_Task directions_
From the records below, please print only the lines from the one containing "Fatigué, dur de" through the one containing "文传学院硕士研究生入学考试一志愿考生复试名单", both included. Skip the pictures.

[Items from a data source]
*** Block opens ***

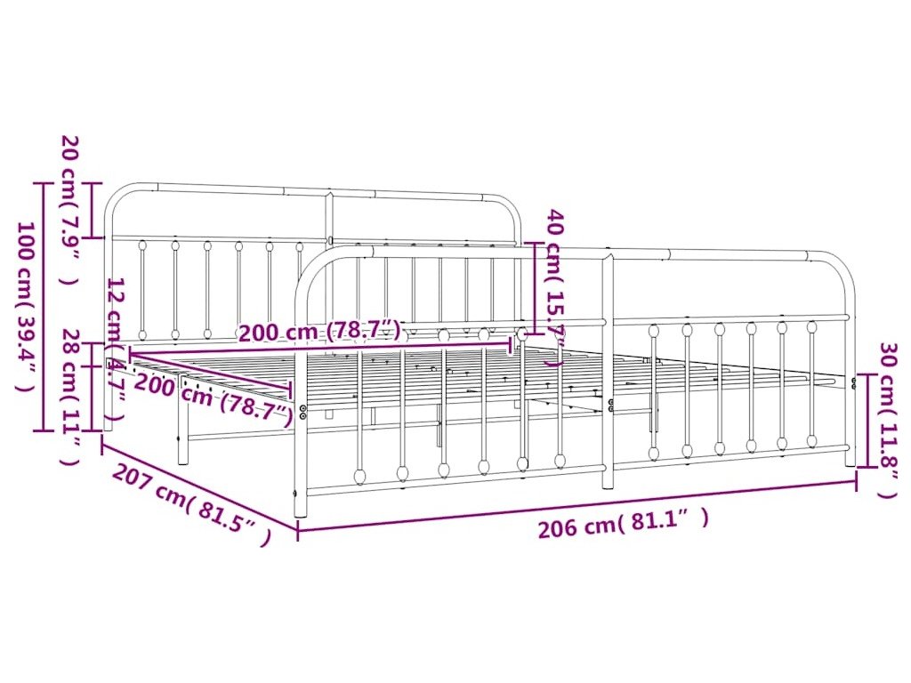 Kovový rám postele s hlavovým a nožním čelem 200 x 200 cm [352603]
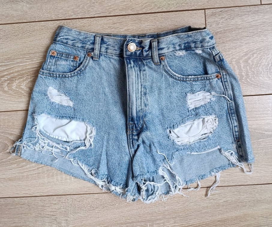 Düğmeli, yırtık detaylı, bol kesim gri-mavi mini denim şort. Günlük kullanım için rahat ve sokak stiline uygun.
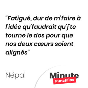 Fatigué, dur de m’faire à l’idée qu’faudrait qu’j’te tourne le dos pour que nos deux cœurs soient alignés
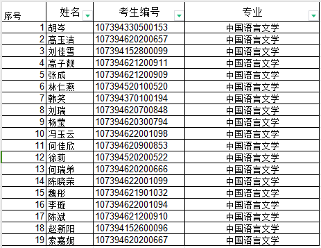 文传学院硕士研究生入学考试一志愿考生复试名单
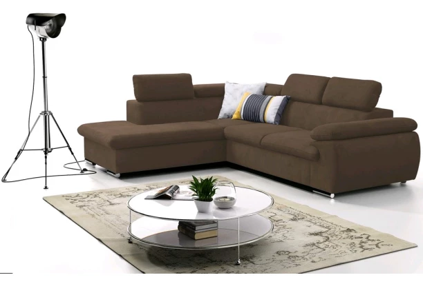 Atraktivní rohová sedací souprava s otomanem vlevo a polohovatelnými zádovými opěrkami. Očalouněna příjemně měkkou látkou v barvě hnědá. Zaujme moderním designem zaoblených tvarů a potěší kvalitním vypolstrováním pro Váš každodenní komfort. Sedačka je navíc vybavena funkcí rozkladu pro příležitostné spaní i praktickým úložným prostorem pod otomanem – získáte tak další místo pro ukládání věcí.
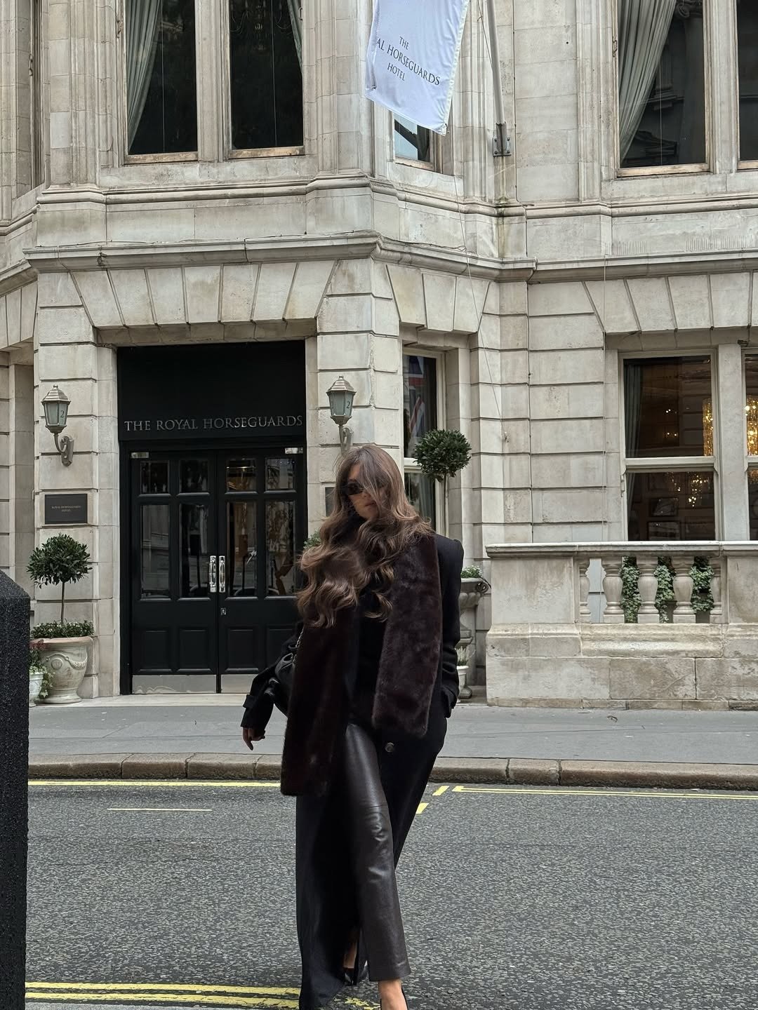 Para um look mais estruturado, o sobretudo entra como peça-chave com a calça de couro. Ele traz essa base mais clássica, enquanto o couro adiciona mais intenção fashion, que é justamente esse contraste que deixa o visual interessante.

*** Block closes ***

_Output of the task_
 Fatigué, dur de m’faire à l’idée qu’faudrait qu’j’te tourne le dos pour que nos deux cœurs soient alignés
 文传学院硕士研究生入学考试一志愿考生复试名单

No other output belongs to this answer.